Your mentioning the printing exposure time implies that you found it long in comparison to what you are used to from other film/developer combinations you have tried and *printed on the same paper*. If that is so, this is indeed a strong indication that something is not right. If you have changed your paper or your light source, this might be aller there is to it.

Ruling out the other trivial errors, such as

- wrong speed on the meter (in-camera or other),

- wrong developer dilution (too concentrated).

you are left with the following potential causes:

1) Development time is too long.

In this case, the negatives are not underexposed, i.e. there is sufficient shadow detail (as you say there is), but the lights are very dense. To check, make a test shot of a test target with at least three uniform areas of sufficient size, and under diffuse lighting. Try to measure the reflective contrast between the areas. The difference between the darkest and lightest areas of your test target should be about five or six f-stops, and the dark and light areas should have some detail. Process the film as you did before, and try to print it with both the dark and the light areas showing some detail. If that takes about grade 2 or 3, I think there is no problem. If you need a very soft grade, the development time is too long. Reduce by say 15% and try again.

Alternatively, if you find it hard to produce an appropriate test target, get a fairly uniform surface with some texture, such as a woollen sweater. Bracket this around the exposure suggested by your meter, starting at minus five stops, minus four ... plus/minus zero (i.e. meter reading) until plus five. Process the film as before. Then print the minus-two shot on grade 2 so that it comes out pretty dark, but with full detail. (It's the zone III shot.) Print the plus/minus zero one *at the same time/aperture and grade*. It should be very similar to an 18% gray card. The plus-three shot should (when printed exactly as the others) still show some highlight detail. Again, if this holds, you have no problem. If the plus shots are too bright, you are over-developing.

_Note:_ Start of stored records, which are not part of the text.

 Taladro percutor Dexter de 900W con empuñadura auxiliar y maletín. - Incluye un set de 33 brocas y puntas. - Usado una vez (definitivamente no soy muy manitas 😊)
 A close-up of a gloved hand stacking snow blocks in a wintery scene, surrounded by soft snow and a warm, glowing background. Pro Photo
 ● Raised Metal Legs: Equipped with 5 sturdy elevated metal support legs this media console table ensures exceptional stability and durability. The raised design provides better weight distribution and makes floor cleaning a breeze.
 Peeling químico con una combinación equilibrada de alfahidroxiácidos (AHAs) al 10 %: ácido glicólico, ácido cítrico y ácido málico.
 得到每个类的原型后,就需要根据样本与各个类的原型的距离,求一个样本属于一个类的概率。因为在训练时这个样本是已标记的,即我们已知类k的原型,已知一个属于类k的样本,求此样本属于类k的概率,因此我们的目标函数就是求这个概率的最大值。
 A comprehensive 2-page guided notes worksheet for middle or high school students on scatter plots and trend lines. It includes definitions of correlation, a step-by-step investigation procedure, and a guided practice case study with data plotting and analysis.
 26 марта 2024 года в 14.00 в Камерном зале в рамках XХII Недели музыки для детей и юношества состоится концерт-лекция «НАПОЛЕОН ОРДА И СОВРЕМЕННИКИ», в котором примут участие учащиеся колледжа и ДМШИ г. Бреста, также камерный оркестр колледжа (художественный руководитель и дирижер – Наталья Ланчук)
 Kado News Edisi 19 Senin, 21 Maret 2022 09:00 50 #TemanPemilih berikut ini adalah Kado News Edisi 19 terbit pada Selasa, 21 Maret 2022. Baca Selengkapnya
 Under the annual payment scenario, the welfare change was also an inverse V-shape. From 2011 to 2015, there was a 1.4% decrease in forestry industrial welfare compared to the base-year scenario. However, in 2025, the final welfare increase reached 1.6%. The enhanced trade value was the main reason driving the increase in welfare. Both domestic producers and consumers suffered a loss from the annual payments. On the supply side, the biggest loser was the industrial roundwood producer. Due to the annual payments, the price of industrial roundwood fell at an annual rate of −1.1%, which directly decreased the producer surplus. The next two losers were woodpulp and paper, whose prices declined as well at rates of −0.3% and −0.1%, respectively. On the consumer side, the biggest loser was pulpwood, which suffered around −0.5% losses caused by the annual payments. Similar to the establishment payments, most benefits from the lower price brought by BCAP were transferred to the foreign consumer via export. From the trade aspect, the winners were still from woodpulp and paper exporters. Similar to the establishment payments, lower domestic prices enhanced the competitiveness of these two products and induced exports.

2) Overexposure If the meter setting is correct, and the film is overexposed, you will naturally find lots of shadow detail, and with modern films and developers, the hightlights may still be on the linear part of the characteristic curve. The film will, however, be unnecessarily grainy. If you can compare your meter's reading of a sufficiently uniform area to that of another meter, you should find a potential malfunction. If no other meter is available, shoot a test target. (See above.) Measure the test target (preferably spot-metering, or from a close distance), and shoot it at the exposure given by the meter, minus two f-stops, minus three f-stops, ... until say, minus five f-stops. If the reading was OK, the shot at minus two f-stops will give you a zone III negative, i.e. one with full shadow detail. The other shots should have less and less detail. At the latest, the one at minus five should be clear film base. (Compare it to the unexposed film rebate.) If it is not, you are indeed over-exposing., i.e. your meter gives low readings.